# There really a big difference?



## Hannibal (Dec 2, 2002)

I know the difference its height of a few inches, but do the piranhas really need that. I know I can get a 40 long for like $50. Or a 55 for $99. Maybe 80 at Jacks.

Could I still keep pygos in a 40 long??


----------



## Sir Nathan XXI (Jan 29, 2003)

you can get them cheaper than that at Aqua Adventure


----------



## Hannibal (Dec 2, 2002)

you mean the 55 would be cheaper at Aquarium adventure?? What about the questions about the 40 compared to the 55??


----------



## Sir Nathan XXI (Jan 29, 2003)

if the 40g is much cheaper its better to go with it, in my experience piranhas dont use all the height unless feeding


----------



## Bcollins111900 (Feb 3, 2003)

yeah 40 gallon long at meijers is 55 bucks and a 55 gallon at jacks is 95, let me think bout that, lol go with the 40 man.


----------



## Sir Nathan XXI (Jan 29, 2003)

Id say it would depend with the fish as well, if you are putting a tall fish in there they may need the height, but I doubt you are, are you?


----------



## Hannibal (Dec 2, 2002)

nope just some pygos.
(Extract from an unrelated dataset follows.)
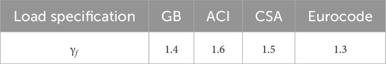 The recommended values for the SWSSC partial factor γf are listed under different load partial factor standards and varying live load environments. It can be observed that the recommended values are relatively close under different live load environments. In contrast, the influence of different load partial factor standards on the recommended values is significant. To facilitate the application of these analysis results in practical engineering, a comprehensive recommended value for the SWSSC partial factor γf under various load partial factor standards is provided in Table 12.
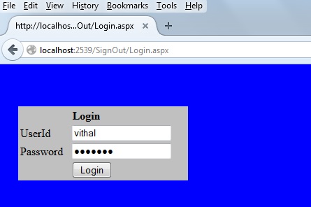 Now our application is ready for testing, so let us run the application. The following Login Page will be shown.

I want to get a caribe to get them more aggressive.


----------



## Neoplasia (Feb 16, 2003)

Hannibal said:


> I know the difference its height of a few inches, but do the piranhas really need that. I know I can get a 40 long for like $50. Or a 55 for $99. Maybe 80 at Jacks.
> 
> Could I still keep pygos in a 40 long??


 Is this 40 long the same as a 40 breeder? If yes then I'd suggest you pick this tank up. $50 is a good price and it offers tons of area to swim in.


----------



## red devils red (Mar 12, 2003)

thats a good price for a tank,compared to a55 gal costing about 150,looks like you'll have some extra moey for piranhas


----------



## SnowCichlid. (Jan 10, 2003)

Fit waht best works into your budget... thats the key :







:


----------



## Sir Nathan XXI (Jan 29, 2003)

a whole 55g setup at Walmart cost $135 I believe though its a decent filter, but the rest is good, tank, hood, light and heater I think


----------